If you have two jars, each on a set of weighing scales, one open and one sealed and there is bee in each, when each bee takes off what will be the changes in weight of the two jars?
Guessing that you take the lid off the second jar to let the bee fly out, no change at all.
Even if there was a bee in one jar and not in the other, as long as the bee wasn’t in contact with the jar, there shouldn’t be a difference in weight, I think!
The two jars will weigh the same until the bee from the open jar flies away from the scale. The weight of each bee-in-flight is registered on the scale because the thrust required to keep them aloft is displacing air which is hitting the scale.
AWB is right… this is a bit of a variation on the baseball on the airplane question that Cecil answered (I think)… The bee will exert a force to keep aloft that is the same as his weight… but the bee has to be in the jar.
OK… but! I was thinking (scary enough) that once the bee gets to a point high enough (somewhere above the neck of the jar, the force of the air under the wings would not only force air in the jar, but down along the sides, thereby decreasing the weight. Does that make sense? So in order for the weight to be the same, all of the loft force would have to be registered inside the jar.
“No, you got the wrong number. This is 9-1-2.”
I don’t buy AWB’s arguement. I believe that the jars will weigh the same until the bee in the open jar takes off. After that, the open jar will be lighter by the weight of the bee. (A portion of both bees mass will also be converted into energy but let’s assume our scale is not THAT accurate).
The downthrust should not apply in an open system. If it does, what happens to it after the bee clears the rim of the jar?
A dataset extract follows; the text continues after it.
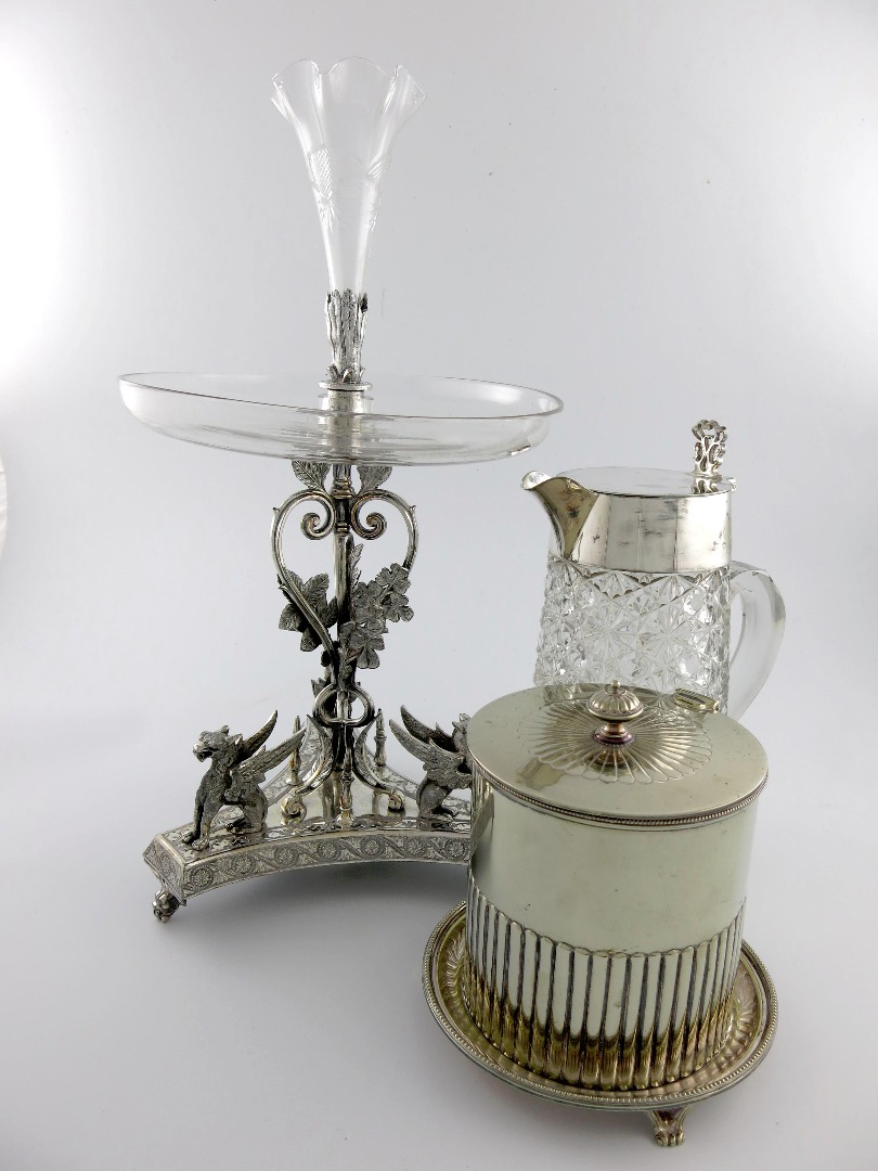 comprising: a Victorian epergne, with a central bowl and trumpet vase, on a triangular base mounted with three griffins, a late-Victorian electroplated mounted lemonade jug, of tapering circular from, hob-nail cut decoration, plain mounts, plus a biscuit box of circular fluted form. (3)

What if the experiment takes place outside and a bird flies overhead. Does the birds downward thrust affect the weight of the open jar? What if an airplane flys by?
In an open system (or a large enough closed system), the downward thrust is met by the air’s resistance to motion (inertia). Let’s substitute the bee with a helicopter. The downward thrust works primarily against the ground at liftoff. As the helicopter gains altitude, the downward thrust is met with resistance from the air below. The moving air tries to escape out the sides and is also met with resistance. So, you end up with an inverted ‘mushroom’ shaped area of increased pressure. When enough air is being compressed by the downward force and the accompanying resistance, the helicopter flies, without need for directly pushing against the ground.
well I’ll bee damned
Of course that’s just my opinion I could be wrong.
The helicopter flies via the lift created by the airfoils that are its rotor blades. The cross sectional shape of an airfoil is such that, when forced through the air, a pressure differential is created by virtue of forcing the same number of air molecules to traverse the greater distance over the top of the airfoil in the same time that the underflowing molecules traverse the shorter underwing (or airfoil) path. This creates a low pressure are above the airfoil. The pitch (angle) of the airfoil can accentuate the lifting force. The chopper does experience some “ground effect” when very close to the surface, but that has little to do with how they fly (and a lot to do with how they take off).
Nevertheless, I’ll WAG on into the question at hand. I’ve never contemplated how a fly achieves flight, but however he might, he attains relative weightlessness, so I’ll guess that while both flies are airborne, and assuming the lid for the open jar is also on the scale, and identical flies, etc…, the change in weight is the same.